(DIRECTIONS) Every record must come back unchanged, apart from the pictures, which are dropped.

(DATA SHOWN)
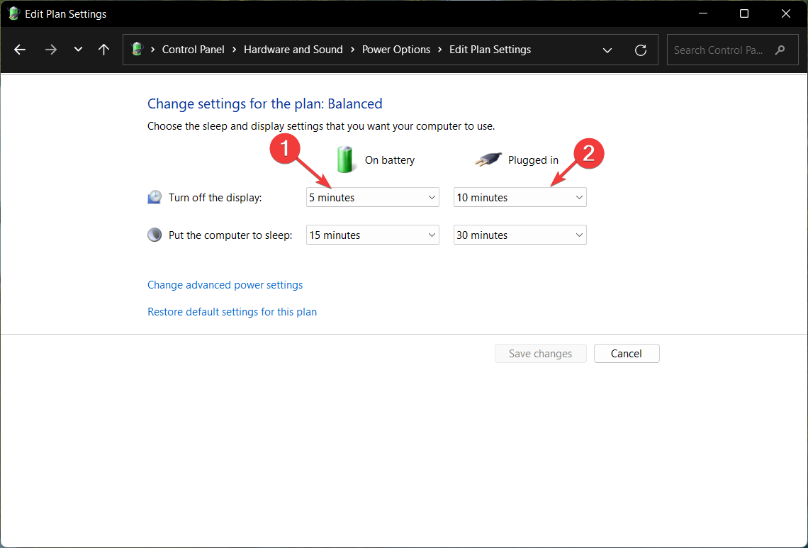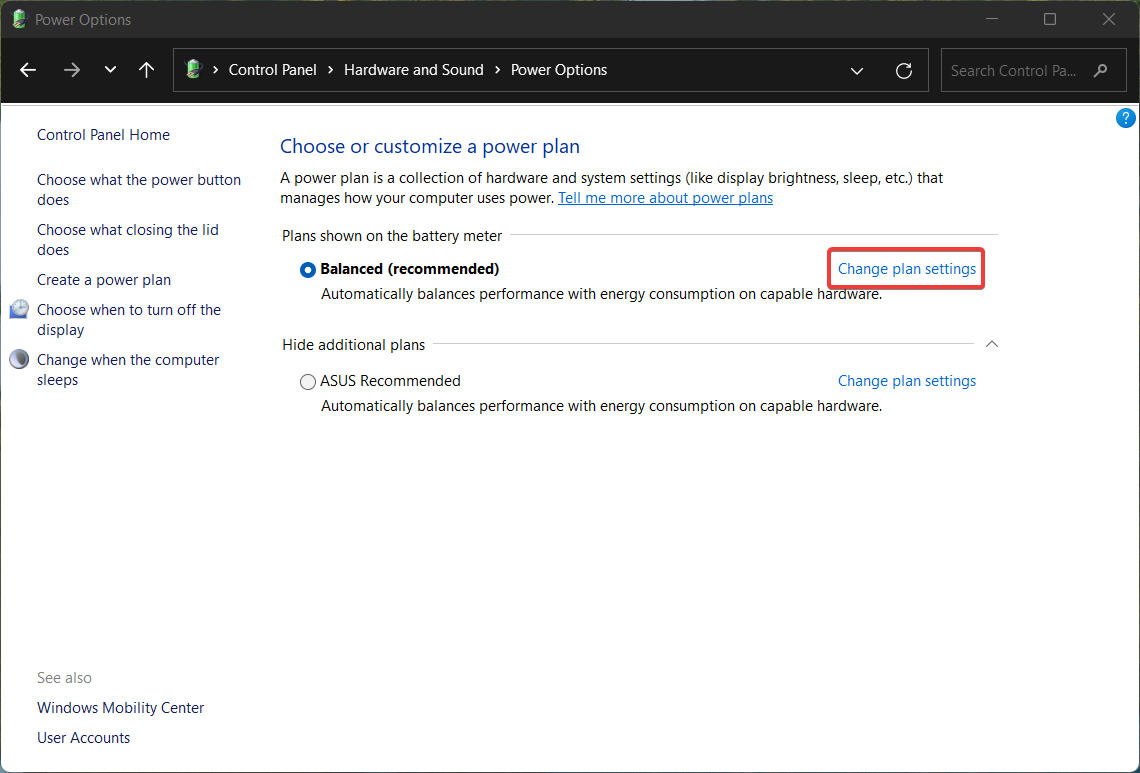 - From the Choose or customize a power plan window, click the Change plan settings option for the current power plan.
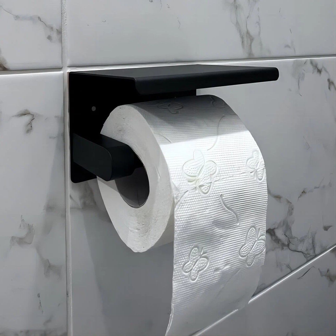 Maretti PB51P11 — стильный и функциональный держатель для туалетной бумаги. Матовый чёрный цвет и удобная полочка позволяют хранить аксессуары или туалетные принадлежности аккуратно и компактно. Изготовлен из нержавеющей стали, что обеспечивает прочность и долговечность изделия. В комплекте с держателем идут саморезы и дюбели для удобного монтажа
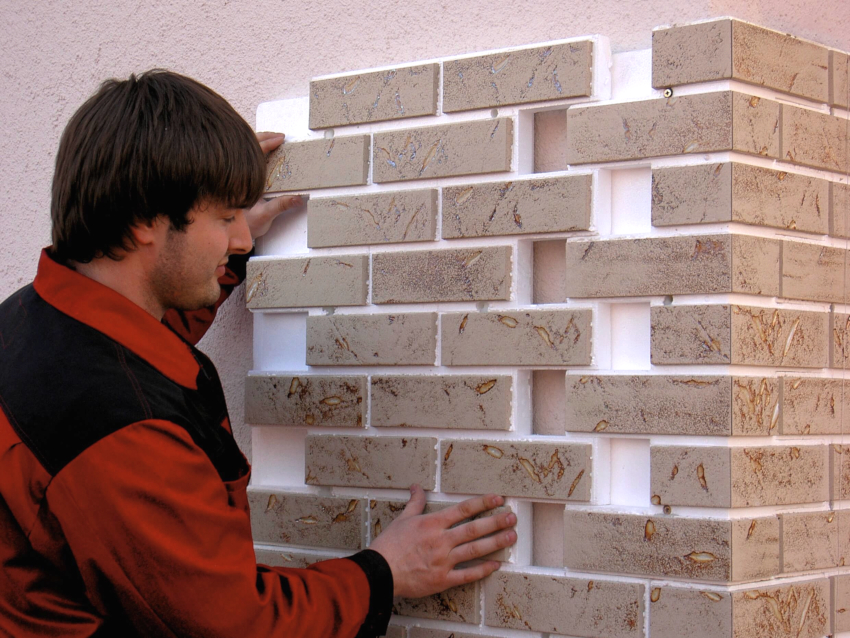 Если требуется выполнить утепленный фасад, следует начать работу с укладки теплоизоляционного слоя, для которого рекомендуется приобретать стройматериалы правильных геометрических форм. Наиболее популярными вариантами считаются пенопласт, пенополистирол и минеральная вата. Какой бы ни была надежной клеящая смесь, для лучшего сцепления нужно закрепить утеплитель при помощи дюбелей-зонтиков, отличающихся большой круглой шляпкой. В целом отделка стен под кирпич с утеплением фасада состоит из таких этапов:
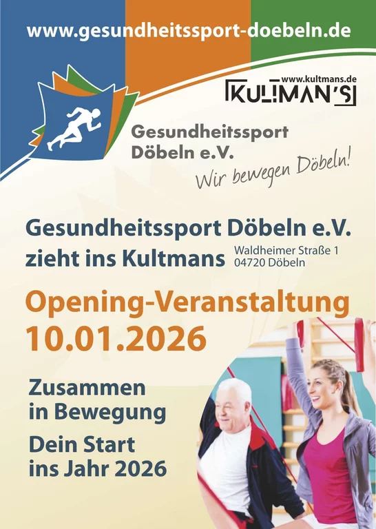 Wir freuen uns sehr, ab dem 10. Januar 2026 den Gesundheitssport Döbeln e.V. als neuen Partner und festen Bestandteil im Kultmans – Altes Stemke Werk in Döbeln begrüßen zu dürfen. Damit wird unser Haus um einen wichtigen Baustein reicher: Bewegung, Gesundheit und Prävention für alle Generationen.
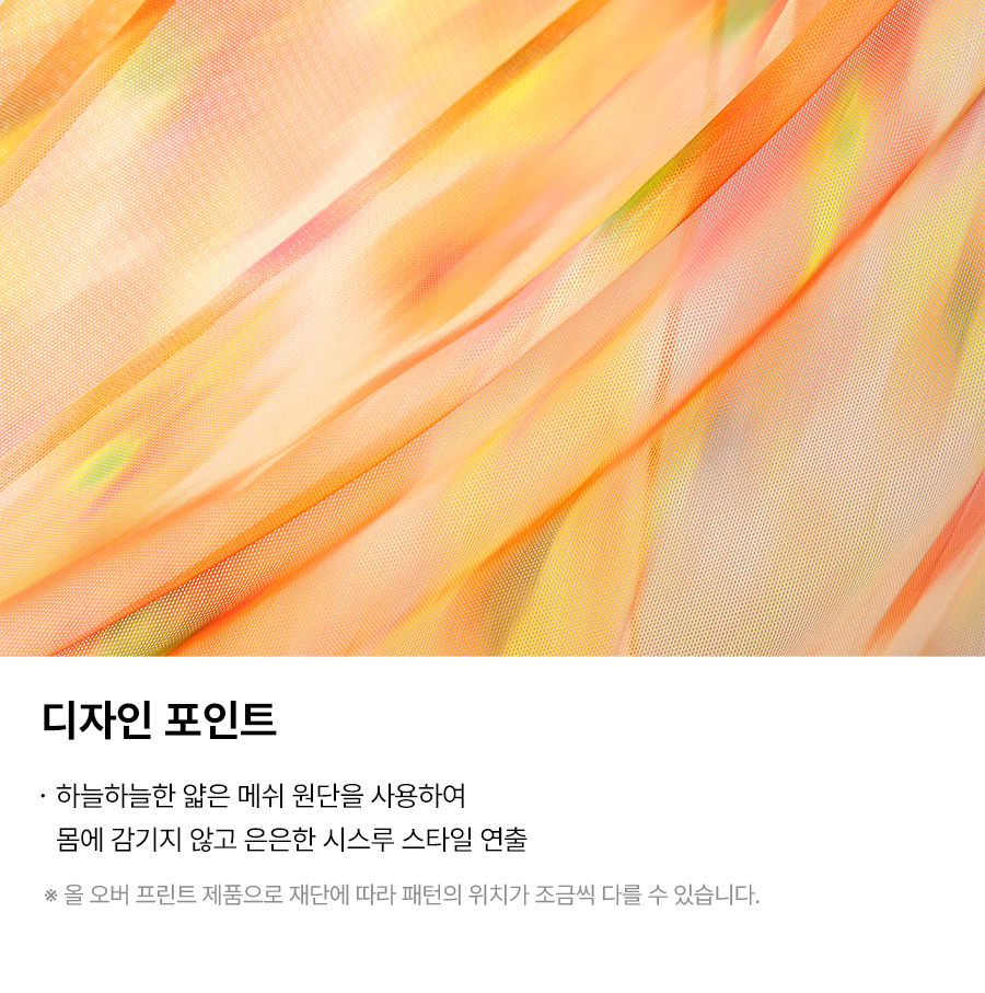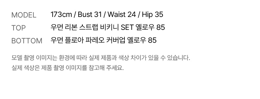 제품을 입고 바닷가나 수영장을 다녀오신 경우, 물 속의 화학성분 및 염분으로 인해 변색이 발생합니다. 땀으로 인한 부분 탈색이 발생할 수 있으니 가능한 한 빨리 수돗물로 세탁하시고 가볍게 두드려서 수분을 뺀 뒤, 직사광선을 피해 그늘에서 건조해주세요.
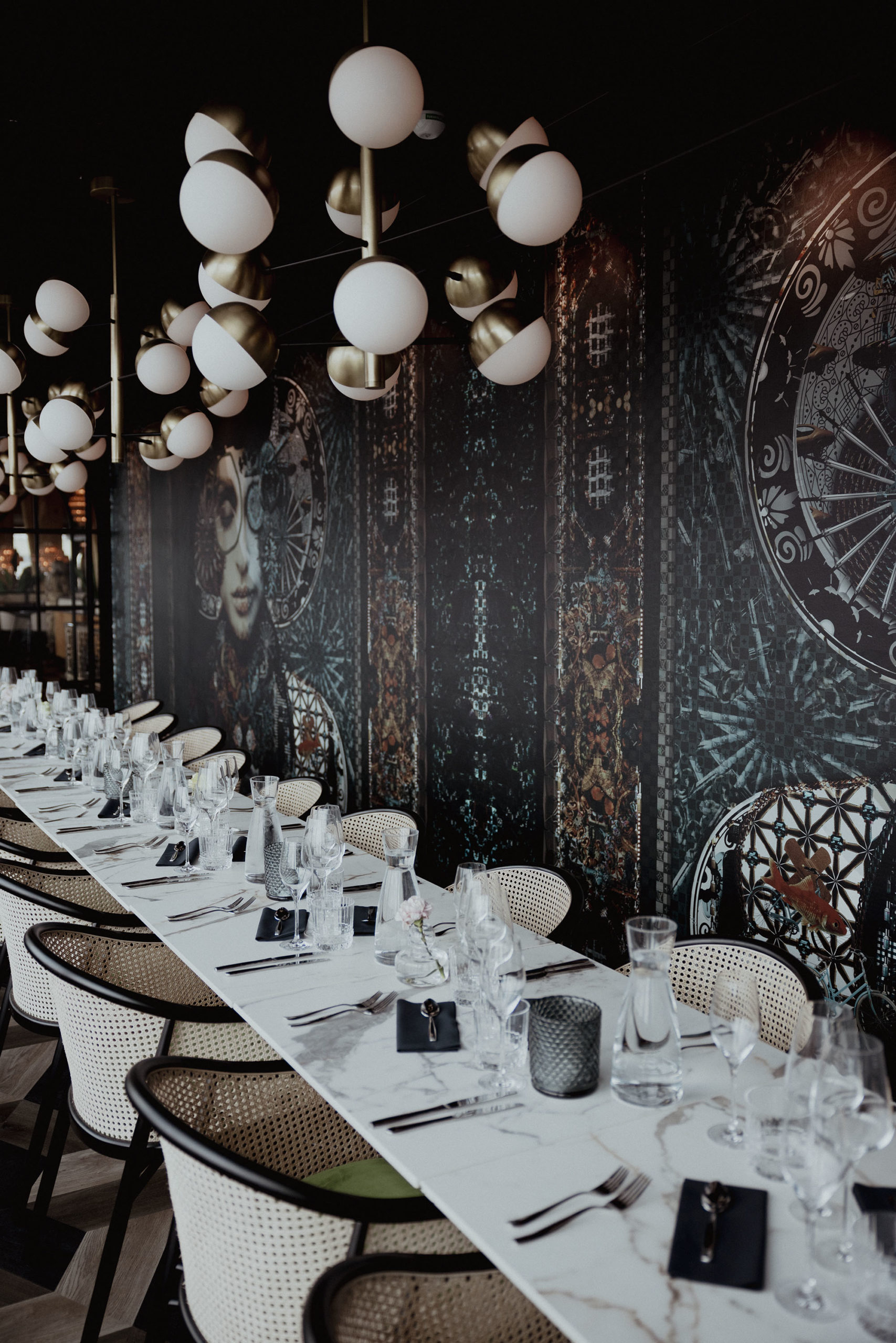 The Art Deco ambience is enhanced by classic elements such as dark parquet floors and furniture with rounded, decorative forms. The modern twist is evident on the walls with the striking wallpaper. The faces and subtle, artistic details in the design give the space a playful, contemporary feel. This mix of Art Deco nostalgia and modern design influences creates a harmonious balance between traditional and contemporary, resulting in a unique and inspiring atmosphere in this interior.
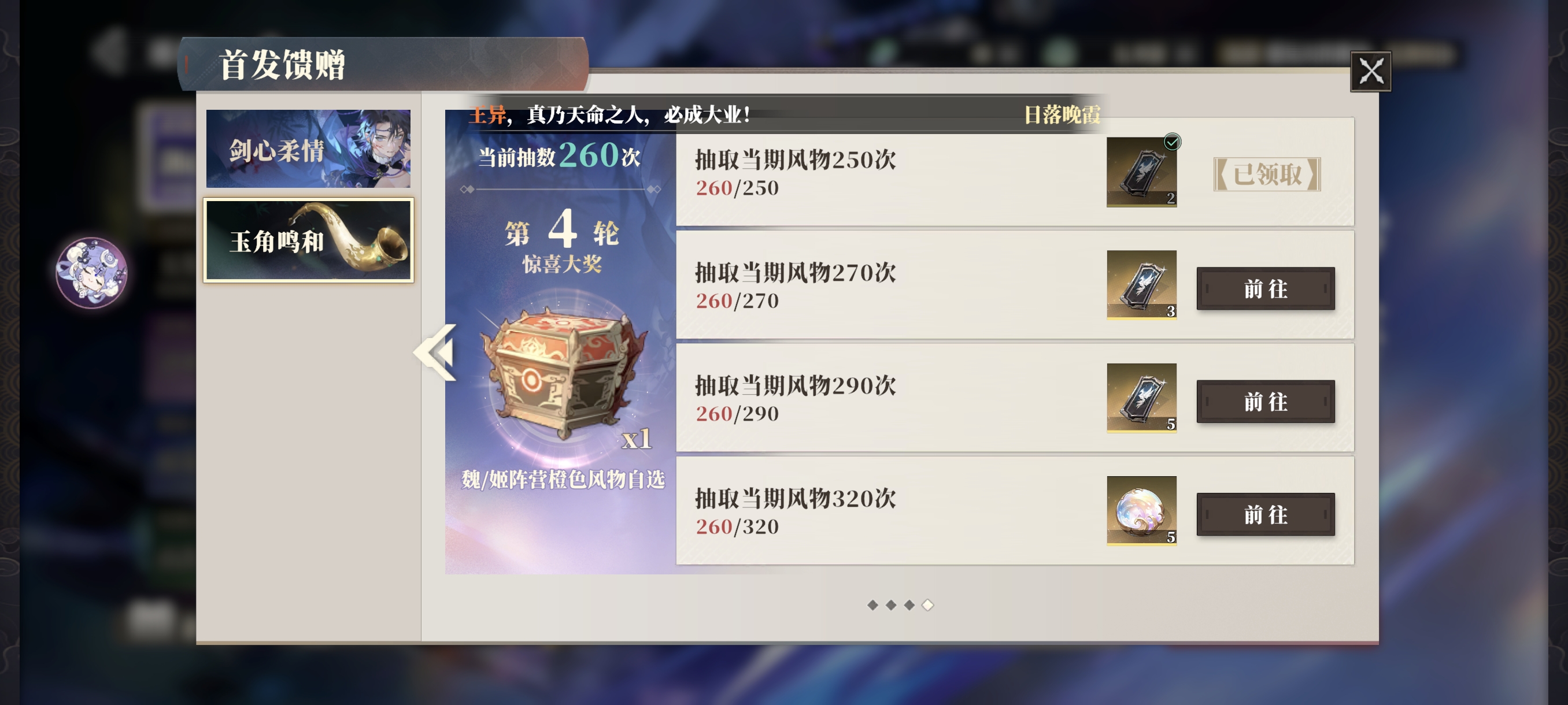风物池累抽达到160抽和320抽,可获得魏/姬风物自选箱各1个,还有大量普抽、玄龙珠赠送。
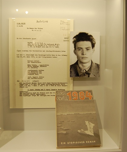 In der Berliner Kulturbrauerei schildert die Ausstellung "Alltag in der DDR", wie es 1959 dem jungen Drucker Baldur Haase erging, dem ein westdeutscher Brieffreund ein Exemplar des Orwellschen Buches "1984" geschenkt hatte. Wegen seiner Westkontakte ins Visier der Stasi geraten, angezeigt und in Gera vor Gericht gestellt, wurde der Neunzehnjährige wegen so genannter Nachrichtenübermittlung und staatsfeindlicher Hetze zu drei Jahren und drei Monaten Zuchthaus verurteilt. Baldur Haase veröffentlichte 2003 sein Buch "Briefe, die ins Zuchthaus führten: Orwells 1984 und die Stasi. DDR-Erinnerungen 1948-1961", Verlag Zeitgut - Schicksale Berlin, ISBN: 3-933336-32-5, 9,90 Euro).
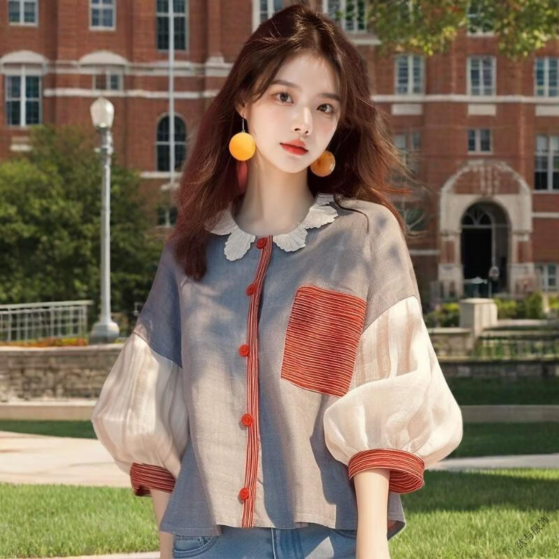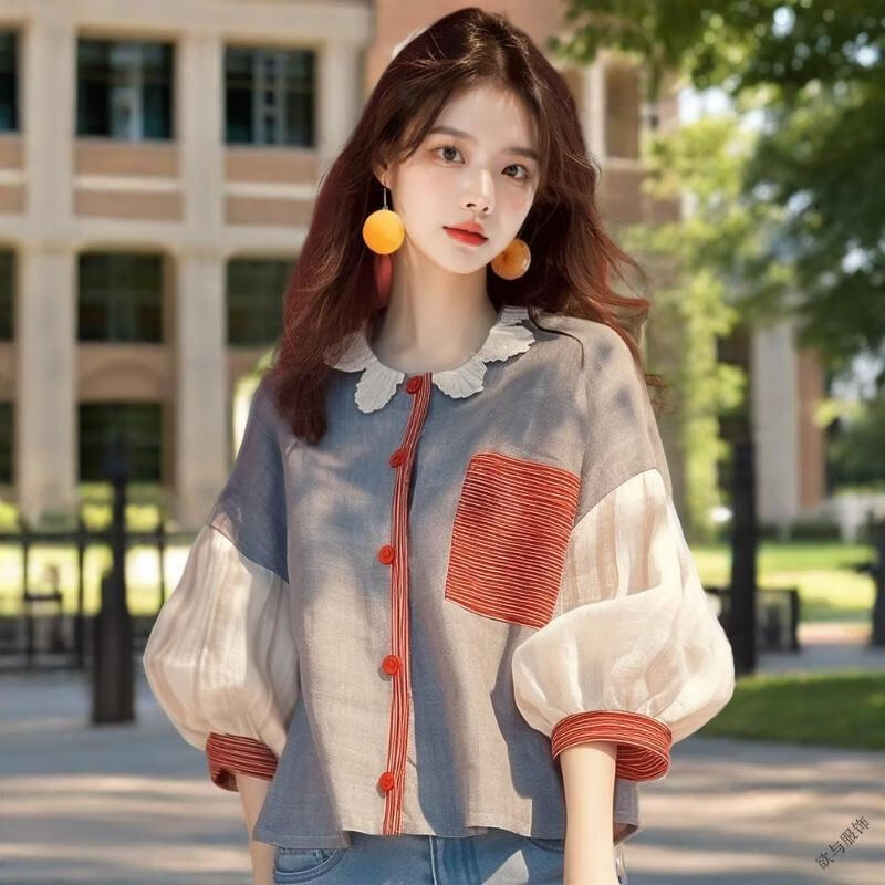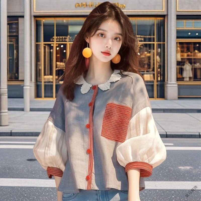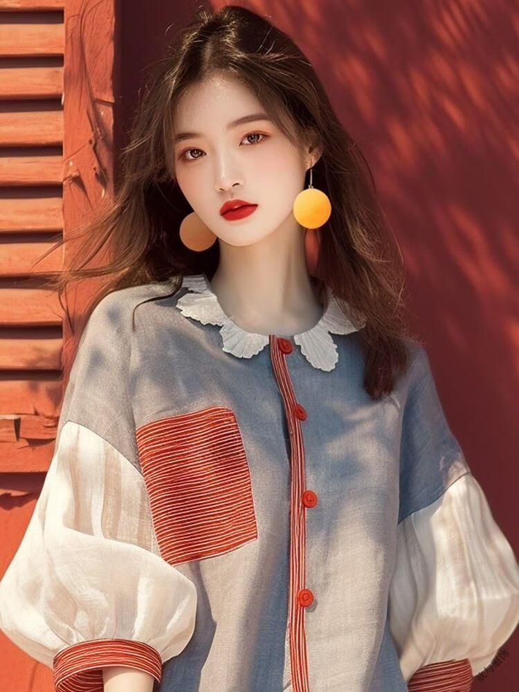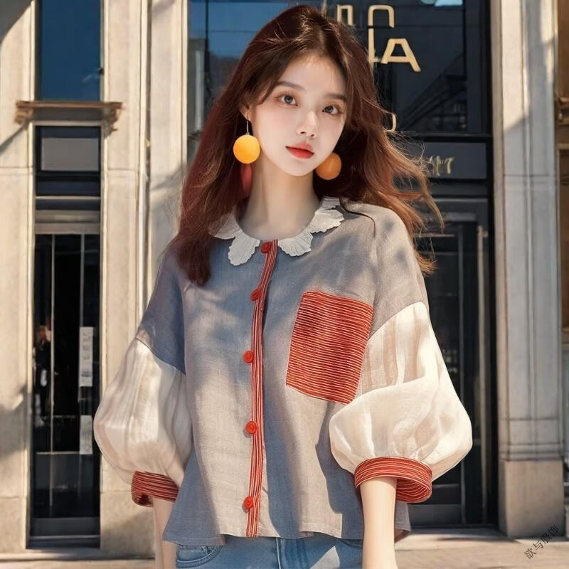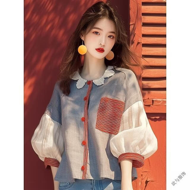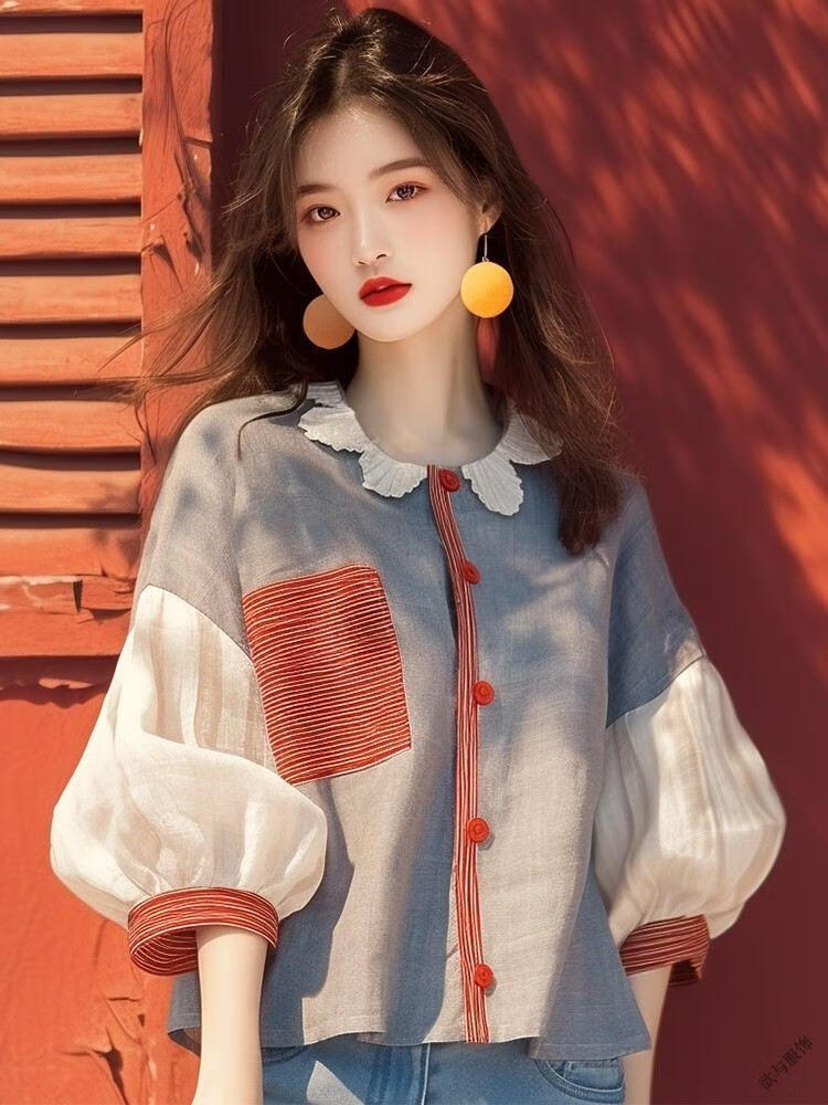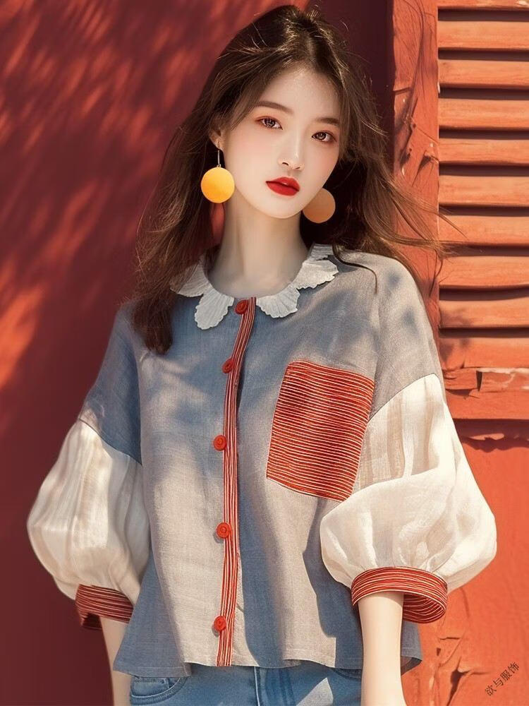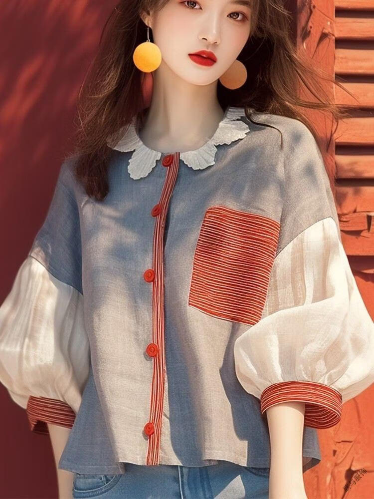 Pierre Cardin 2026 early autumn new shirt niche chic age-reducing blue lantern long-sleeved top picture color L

(WORKED SOLUTION)
 - From the Choose or customize a power plan window, click the Change plan settings option for the current power plan.
 Maretti PB51P11 — стильный и функциональный держатель для туалетной бумаги. Матовый чёрный цвет и удобная полочка позволяют хранить аксессуары или туалетные принадлежности аккуратно и компактно. Изготовлен из нержавеющей стали, что обеспечивает прочность и долговечность изделия. В комплекте с держателем идут саморезы и дюбели для удобного монтажа
 Если требуется выполнить утепленный фасад, следует начать работу с укладки теплоизоляционного слоя, для которого рекомендуется приобретать стройматериалы правильных геометрических форм. Наиболее популярными вариантами считаются пенопласт, пенополистирол и минеральная вата. Какой бы ни была надежной клеящая смесь, для лучшего сцепления нужно закрепить утеплитель при помощи дюбелей-зонтиков, отличающихся большой круглой шляпкой. В целом отделка стен под кирпич с утеплением фасада состоит из таких этапов:
 Wir freuen uns sehr, ab dem 10. Januar 2026 den Gesundheitssport Döbeln e.V. als neuen Partner und festen Bestandteil im Kultmans – Altes Stemke Werk in Döbeln begrüßen zu dürfen. Damit wird unser Haus um einen wichtigen Baustein reicher: Bewegung, Gesundheit und Prävention für alle Generationen.
 제품을 입고 바닷가나 수영장을 다녀오신 경우, 물 속의 화학성분 및 염분으로 인해 변색이 발생합니다. 땀으로 인한 부분 탈색이 발생할 수 있으니 가능한 한 빨리 수돗물로 세탁하시고 가볍게 두드려서 수분을 뺀 뒤, 직사광선을 피해 그늘에서 건조해주세요.
 The Art Deco ambience is enhanced by classic elements such as dark parquet floors and furniture with rounded, decorative forms. The modern twist is evident on the walls with the striking wallpaper. The faces and subtle, artistic details in the design give the space a playful, contemporary feel. This mix of Art Deco nostalgia and modern design influences creates a harmonious balance between traditional and contemporary, resulting in a unique and inspiring atmosphere in this interior.
风物池累抽达到160抽和320抽,可获得魏/姬风物自选箱各1个,还有大量普抽、玄龙珠赠送。
 In der Berliner Kulturbrauerei schildert die Ausstellung "Alltag in der DDR", wie es 1959 dem jungen Drucker Baldur Haase erging, dem ein westdeutscher Brieffreund ein Exemplar des Orwellschen Buches "1984" geschenkt hatte. Wegen seiner Westkontakte ins Visier der Stasi geraten, angezeigt und in Gera vor Gericht gestellt, wurde der Neunzehnjährige wegen so genannter Nachrichtenübermittlung und staatsfeindlicher Hetze zu drei Jahren und drei Monaten Zuchthaus verurteilt. Baldur Haase veröffentlichte 2003 sein Buch "Briefe, die ins Zuchthaus führten: Orwells 1984 und die Stasi. DDR-Erinnerungen 1948-1961", Verlag Zeitgut - Schicksale Berlin, ISBN: 3-933336-32-5, 9,90 Euro).
 Pierre Cardin 2026 early autumn new shirt niche chic age-reducing blue lantern long-sleeved top picture color L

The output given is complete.